» **Provided records**
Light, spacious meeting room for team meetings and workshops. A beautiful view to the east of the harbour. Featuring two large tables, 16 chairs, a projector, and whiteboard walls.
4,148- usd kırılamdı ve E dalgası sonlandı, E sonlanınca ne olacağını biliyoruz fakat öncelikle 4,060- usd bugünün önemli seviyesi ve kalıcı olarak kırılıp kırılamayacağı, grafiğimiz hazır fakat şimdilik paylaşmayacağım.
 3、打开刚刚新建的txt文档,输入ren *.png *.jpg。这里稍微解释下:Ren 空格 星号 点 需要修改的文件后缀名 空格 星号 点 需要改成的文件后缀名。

...

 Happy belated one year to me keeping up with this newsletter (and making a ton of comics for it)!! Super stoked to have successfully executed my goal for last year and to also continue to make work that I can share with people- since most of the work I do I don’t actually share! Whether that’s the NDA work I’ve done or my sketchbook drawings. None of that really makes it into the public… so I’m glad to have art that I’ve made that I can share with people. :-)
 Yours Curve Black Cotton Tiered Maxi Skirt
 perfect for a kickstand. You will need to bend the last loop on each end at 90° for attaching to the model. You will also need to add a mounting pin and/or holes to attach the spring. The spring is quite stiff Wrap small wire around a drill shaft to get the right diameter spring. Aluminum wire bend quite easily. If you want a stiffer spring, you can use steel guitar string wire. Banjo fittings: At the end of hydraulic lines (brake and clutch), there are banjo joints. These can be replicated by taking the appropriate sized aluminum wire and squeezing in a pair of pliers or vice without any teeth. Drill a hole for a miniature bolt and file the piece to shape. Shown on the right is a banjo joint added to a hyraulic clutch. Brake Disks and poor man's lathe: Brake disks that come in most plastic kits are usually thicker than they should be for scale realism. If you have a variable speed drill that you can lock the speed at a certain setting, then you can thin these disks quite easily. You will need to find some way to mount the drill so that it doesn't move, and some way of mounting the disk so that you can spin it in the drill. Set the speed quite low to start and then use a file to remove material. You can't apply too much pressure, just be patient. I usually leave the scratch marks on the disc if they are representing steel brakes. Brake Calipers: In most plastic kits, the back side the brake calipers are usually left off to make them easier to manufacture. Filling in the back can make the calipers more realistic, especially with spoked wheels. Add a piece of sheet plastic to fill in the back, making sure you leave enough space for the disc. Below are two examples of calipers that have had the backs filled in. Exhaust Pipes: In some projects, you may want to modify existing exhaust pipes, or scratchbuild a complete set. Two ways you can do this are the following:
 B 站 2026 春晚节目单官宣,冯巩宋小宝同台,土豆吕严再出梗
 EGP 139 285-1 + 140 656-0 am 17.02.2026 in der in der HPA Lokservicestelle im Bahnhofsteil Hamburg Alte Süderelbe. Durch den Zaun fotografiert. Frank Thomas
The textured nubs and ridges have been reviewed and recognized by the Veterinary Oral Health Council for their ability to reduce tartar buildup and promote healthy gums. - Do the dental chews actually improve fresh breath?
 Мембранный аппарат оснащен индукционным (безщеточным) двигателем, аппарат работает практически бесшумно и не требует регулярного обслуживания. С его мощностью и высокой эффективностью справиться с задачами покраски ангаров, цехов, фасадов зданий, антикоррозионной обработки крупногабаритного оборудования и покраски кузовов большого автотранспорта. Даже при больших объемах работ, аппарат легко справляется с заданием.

» **Task objective**
Your task is to transcribe, with no changes, only the lines of the listing above that lie between the line holding "4,148- usd kırılamdı" and the line holding "3、打开刚刚新建的txt文档,输入ren *.png *.jpg。这里稍微解释下:Ren", inclusive.

» **Response area**
4,148- usd kırılamdı ve E dalgası sonlandı, E sonlanınca ne olacağını biliyoruz fakat öncelikle 4,060- usd bugünün önemli seviyesi ve kalıcı olarak kırılıp kırılamayacağı, grafiğimiz hazır fakat şimdilik paylaşmayacağım.
 3、打开刚刚新建的txt文档,输入ren *.png *.jpg。这里稍微解释下:Ren 空格 星号 点 需要修改的文件后缀名 空格 星号 点 需要改成的文件后缀名。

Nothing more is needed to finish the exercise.